USS Onward II (SP-728), later USS SP-728, was an armed motorboat that served in the United States Navy as a patrol vessel from 1917 to 1918.

Onward II was built as a civilian motorboat of the same name by Defoe Boat and Motor Works at Bay City, Michigan. The U.S. Navy acquired her from her owner, W. S. Forsythe, on 23 June 1917 for World War I service as a patrol vessel and commissioned her on 25 June 1917 as USS Onward II (SP-728).

For the rest of World War I, Onward II performed routine harbor patrol duties at Newport, Rhode Island. In 1918 she was renamed USS SP-728.

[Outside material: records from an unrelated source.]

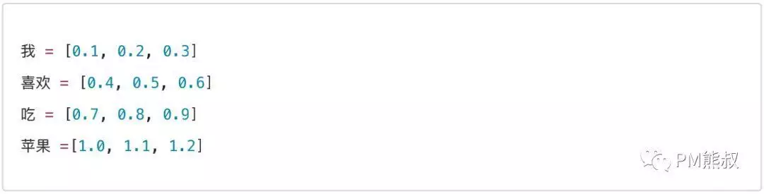 假设我们有个三维的词向量空间,我们先把“我”、“喜欢”、“吃”、“苹果”这4个词嵌入到这个空间里面: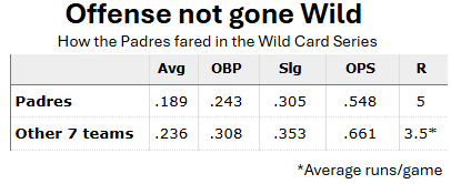The Padres were not the only team to struggle at the plate in the Wild Card round. Three teams had a lower OPS, only one team had more extra-base hits. But no team had a lower on-base percentage or scored fewer runs.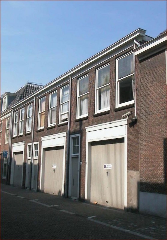 18e-Eeuws koetshuis met versierde deur en vensteromlijstingen van Prinsessegracht 28.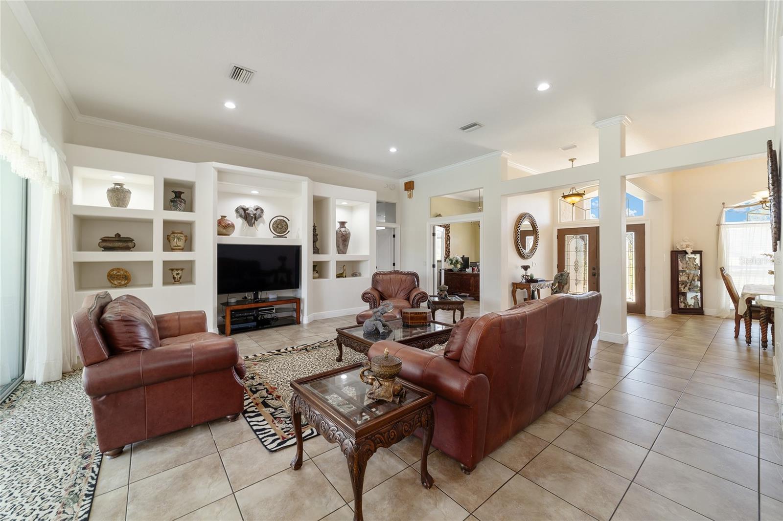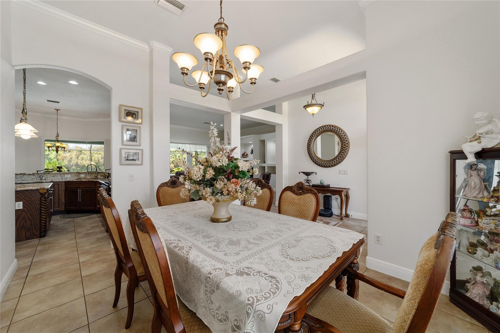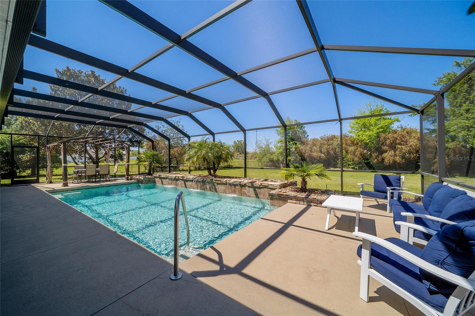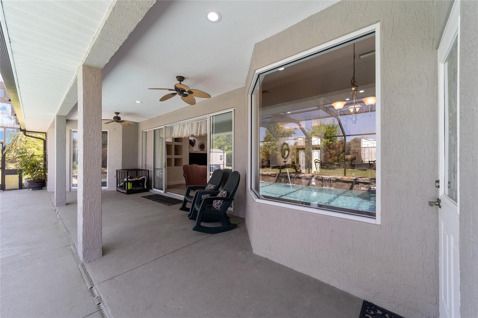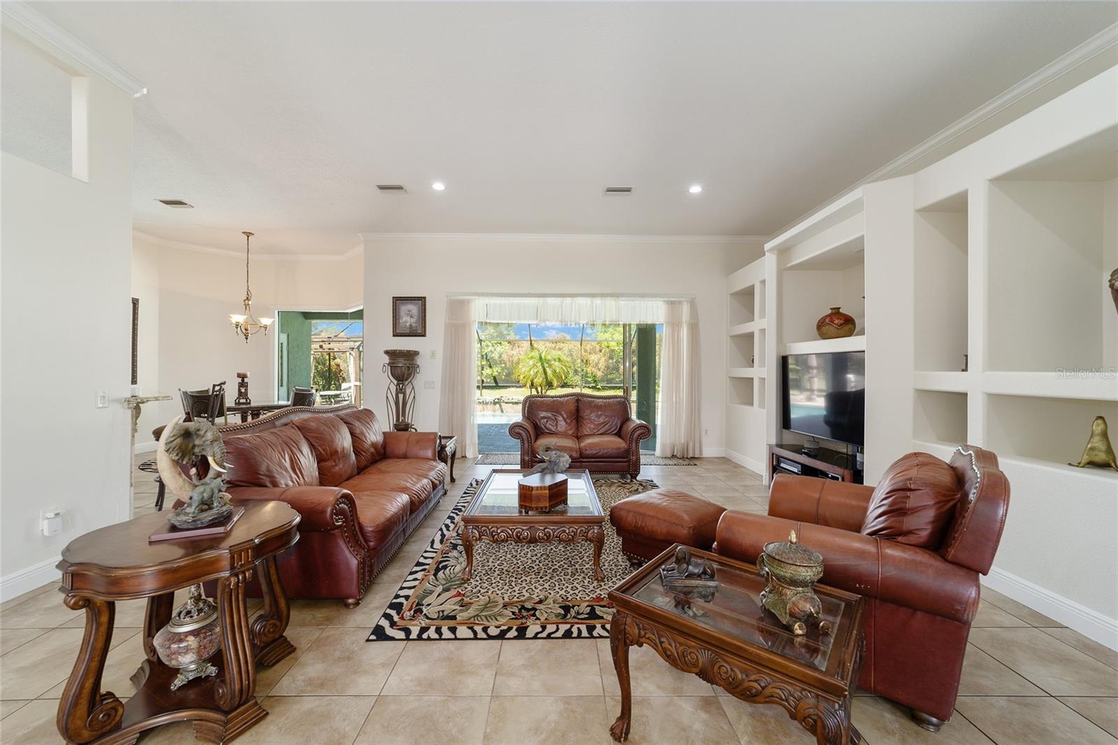 Welcome to your dream home in the coveted Fox Hollow subdivision, a rare gem nestled just minutes away from The Villages, Florida. This expansive property boasts over an acre of land and features a spacious 4-Bedroom / 2-Bathroom plus Den and Formal Dining layout, offering ample space for both relaxation and entertainment. As you step inside, you'll be greeted by stunning Dual Leaded Glass Front Doors, soaring 12' Ceilings adorned with elegant Crown Molding throughout. Coin Corners and 5 1/4" baseboards add a touch of timeless charm to every corner. The heart of the home lies in its well-appointed Kitchen, complete with Solid Wood 42-inch Cabinetry, Imported Granite Countertops, Newer Black SS Samsung Appliances, including Gas Range, and convenient Pantry Closet. Ceramic and accent tile flooring flow seamlessly throughout the main areas, creating a cohesive and stylish ambiance. Escape to the luxurious Primary Bedroom retreat, featuring a spacious Walk-in Closet and sprawling attached En-Suite Bath complete with Jetted Tub and Custom Gorgeous Onyx stone surround. A Private Water Closet with Bidet adds an extra touch of indulgence, while a Slider off the Master Bedroom provides easy access to the tranquil lanai and pool area. Entertain guests with ease in the custom-built entertainment center, complete with plant and lighted accent shelving. Transom Entryway Windows in the office and primary bedroom flood the spaces with natural light. The Split Floor Plan ensures privacy, with three additional bedrooms located away from the primary suite. Upstairs, the Bonus 4th Bedroom space offers versatility and convenience for guests or would make an excellent theater or hobby room! Step outside the quad pocket sliding doors off living room to your own private oasis where a 30 x 14 SALTWATER POOL awaits, complete with Triple Cascade Waterfalls for a touch of luxury. A HUGE Birdcage (New in 2019) and Lanai overlook the completely fenced, north-facing backyard, providing the perfect setting for outdoor gatherings or quiet relaxation. Low-maintenance stone hardscaping and meticulously maintained yard featuring mature plantings, extensive accent and pathway lighting along with in-ground irrigation system create a sense of grandeur and sophistication and complete the luxury exterior. This home is built to last with block and stucco construction. Additional amenities include a whole-house vacuum system, separate Laundry Room with Newer Washer/ and Dryer, Dual HVAC system (main unit New in 2022), Updated Hayward Pool equipment, Tankless Propane-powered RINNAI Hot Water Heater, and a New Storage Shed in 2020, and NEW ROOF in 2021. Don't miss your chance to own this exceptional property offering unparalleled privacy, luxury, and convenience in one of Florida's most desirable locations. Schedule your showing today and make this stunning residence your own!

SP-728 was returned to her owner on 2 December 1918.

Onward II should not be confused with the patrol vessel USS Onward (SP-311), in commission from 1917 to 1919.

References

Department of the Navy: Naval Historical Center: Online Library of Selected Images: Civilian Ships: Onward II (American Motor Boat, in service in 1917). Served as USS Onward II (SP-728) and USS SP-728 in 1917-1918
NavSource Online: Section Patrol Craft Photo Archive SP-728 ex-Onward II (SP 728)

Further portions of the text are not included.